— PROMPT —
Among the lines below, take the one holding "These triple jewel", the one holding "66, 3331)。然而,利用该策略催化不对称合成平面手性有机硫化物却一直未有相关报道(Scheme 1a)。", and all lines between them. Set them down exactly.

DATA SHOWN section start

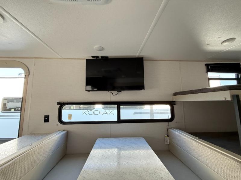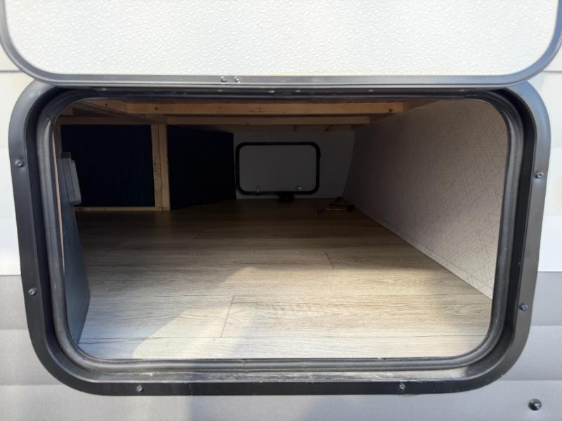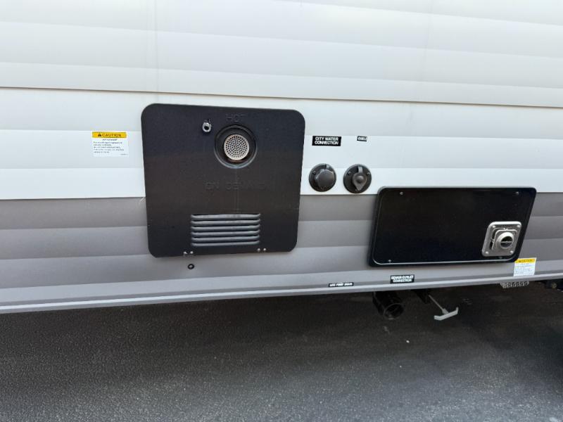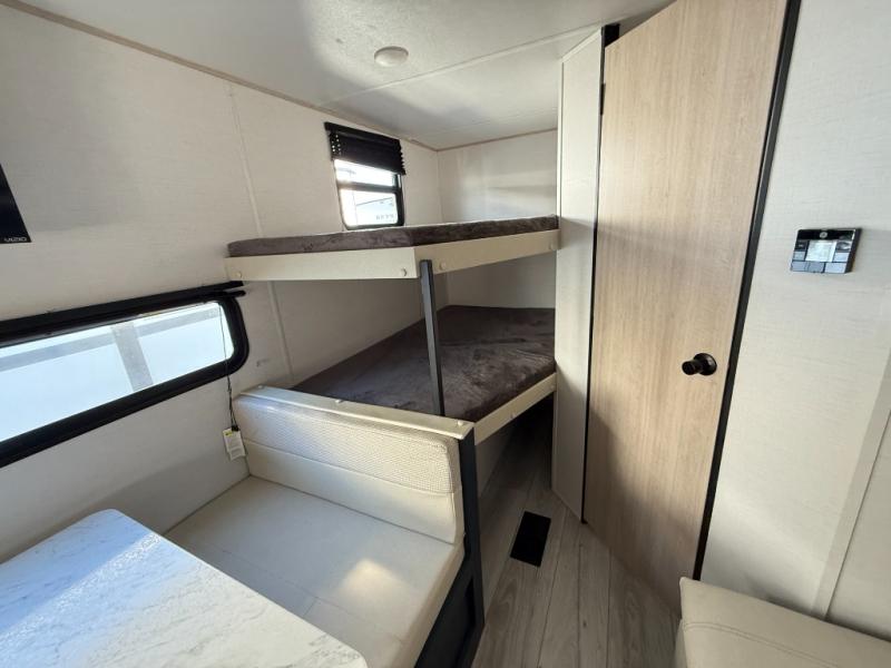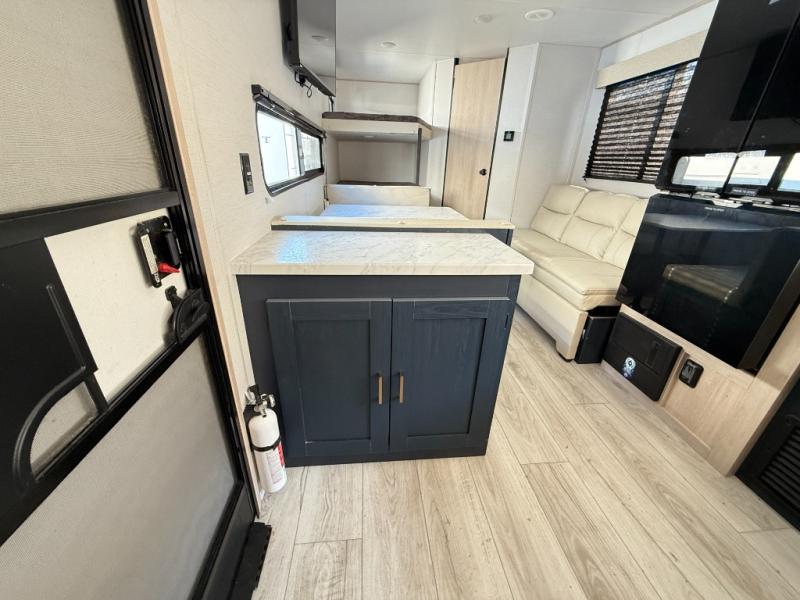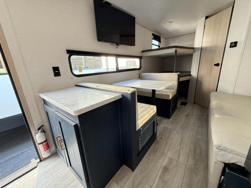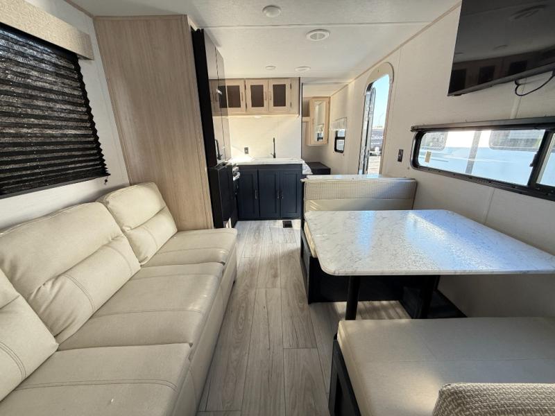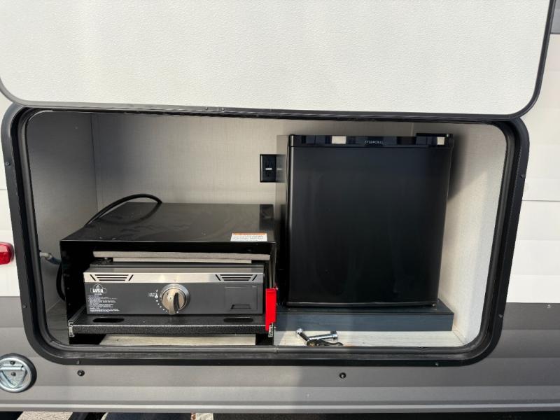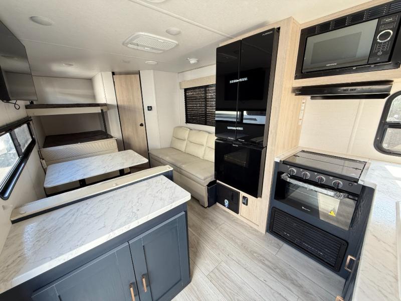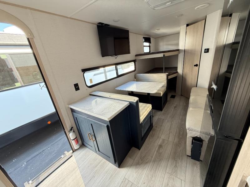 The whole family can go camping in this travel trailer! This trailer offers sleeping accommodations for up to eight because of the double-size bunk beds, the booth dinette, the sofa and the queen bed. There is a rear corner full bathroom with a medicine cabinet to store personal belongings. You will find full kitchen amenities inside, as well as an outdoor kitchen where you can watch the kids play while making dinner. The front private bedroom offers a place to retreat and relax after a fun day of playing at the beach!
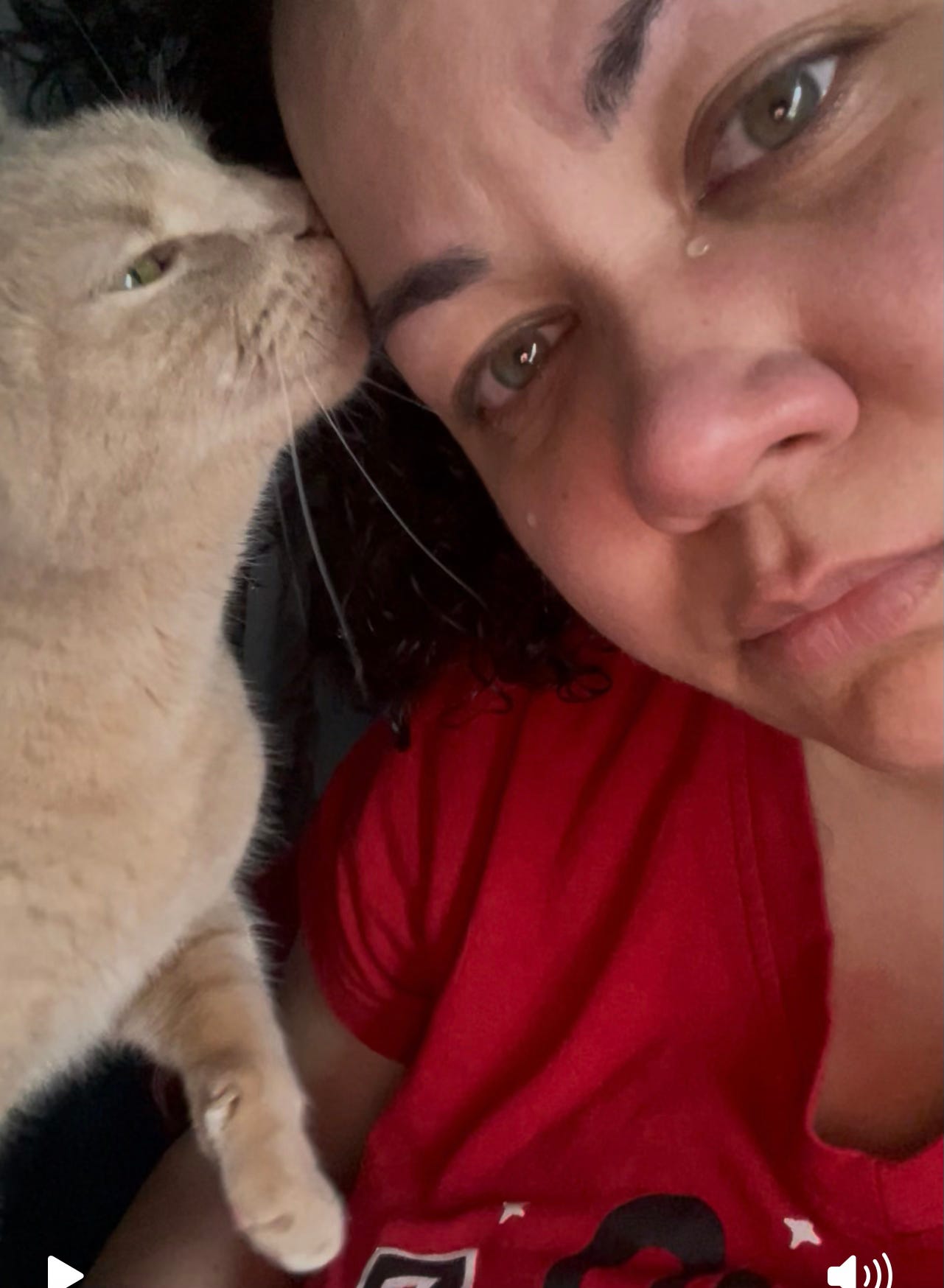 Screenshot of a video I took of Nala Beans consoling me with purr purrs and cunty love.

DATA SHOWN section end
DATA SHOWN section start

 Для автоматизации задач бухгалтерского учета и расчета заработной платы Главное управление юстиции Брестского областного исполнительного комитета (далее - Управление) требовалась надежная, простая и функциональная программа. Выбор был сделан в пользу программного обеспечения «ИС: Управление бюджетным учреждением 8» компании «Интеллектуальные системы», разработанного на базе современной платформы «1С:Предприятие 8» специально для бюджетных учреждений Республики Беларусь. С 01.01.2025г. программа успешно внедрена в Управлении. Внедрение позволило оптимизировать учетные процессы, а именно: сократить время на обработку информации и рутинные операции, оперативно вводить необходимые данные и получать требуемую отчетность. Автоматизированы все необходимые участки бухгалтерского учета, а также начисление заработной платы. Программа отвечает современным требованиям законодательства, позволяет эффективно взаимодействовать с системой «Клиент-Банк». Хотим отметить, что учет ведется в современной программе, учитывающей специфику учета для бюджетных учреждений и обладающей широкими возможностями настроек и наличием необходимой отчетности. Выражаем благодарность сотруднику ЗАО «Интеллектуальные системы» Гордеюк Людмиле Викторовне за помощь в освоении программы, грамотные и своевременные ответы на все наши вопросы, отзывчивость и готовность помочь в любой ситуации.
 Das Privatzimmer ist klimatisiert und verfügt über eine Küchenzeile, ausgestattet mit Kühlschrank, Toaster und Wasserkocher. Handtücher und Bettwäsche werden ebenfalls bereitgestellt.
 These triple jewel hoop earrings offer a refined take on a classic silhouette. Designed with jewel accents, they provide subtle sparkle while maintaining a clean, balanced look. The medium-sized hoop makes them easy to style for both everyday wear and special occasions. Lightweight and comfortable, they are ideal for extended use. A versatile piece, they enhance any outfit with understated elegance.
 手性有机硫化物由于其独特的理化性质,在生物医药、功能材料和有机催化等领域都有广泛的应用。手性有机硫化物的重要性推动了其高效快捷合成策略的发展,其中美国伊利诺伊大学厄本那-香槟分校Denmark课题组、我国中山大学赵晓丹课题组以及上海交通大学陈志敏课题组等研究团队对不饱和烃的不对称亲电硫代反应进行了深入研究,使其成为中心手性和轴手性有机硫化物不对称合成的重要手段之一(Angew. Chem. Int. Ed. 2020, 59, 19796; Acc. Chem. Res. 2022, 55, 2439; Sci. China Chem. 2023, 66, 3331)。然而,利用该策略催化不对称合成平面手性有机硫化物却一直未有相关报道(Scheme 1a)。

DATA SHOWN section end

— SOLUTION TO THE PROBLEM —
 These triple jewel hoop earrings offer a refined take on a classic silhouette. Designed with jewel accents, they provide subtle sparkle while maintaining a clean, balanced look. The medium-sized hoop makes them easy to style for both everyday wear and special occasions. Lightweight and comfortable, they are ideal for extended use. A versatile piece, they enhance any outfit with understated elegance.
 手性有机硫化物由于其独特的理化性质,在生物医药、功能材料和有机催化等领域都有广泛的应用。手性有机硫化物的重要性推动了其高效快捷合成策略的发展,其中美国伊利诺伊大学厄本那-香槟分校Denmark课题组、我国中山大学赵晓丹课题组以及上海交通大学陈志敏课题组等研究团队对不饱和烃的不对称亲电硫代反应进行了深入研究,使其成为中心手性和轴手性有机硫化物不对称合成的重要手段之一(Angew. Chem. Int. Ed. 2020, 59, 19796; Acc. Chem. Res. 2022, 55, 2439; Sci. China Chem. 2023, 66, 3331)。然而,利用该策略催化不对称合成平面手性有机硫化物却一直未有相关报道(Scheme 1a)。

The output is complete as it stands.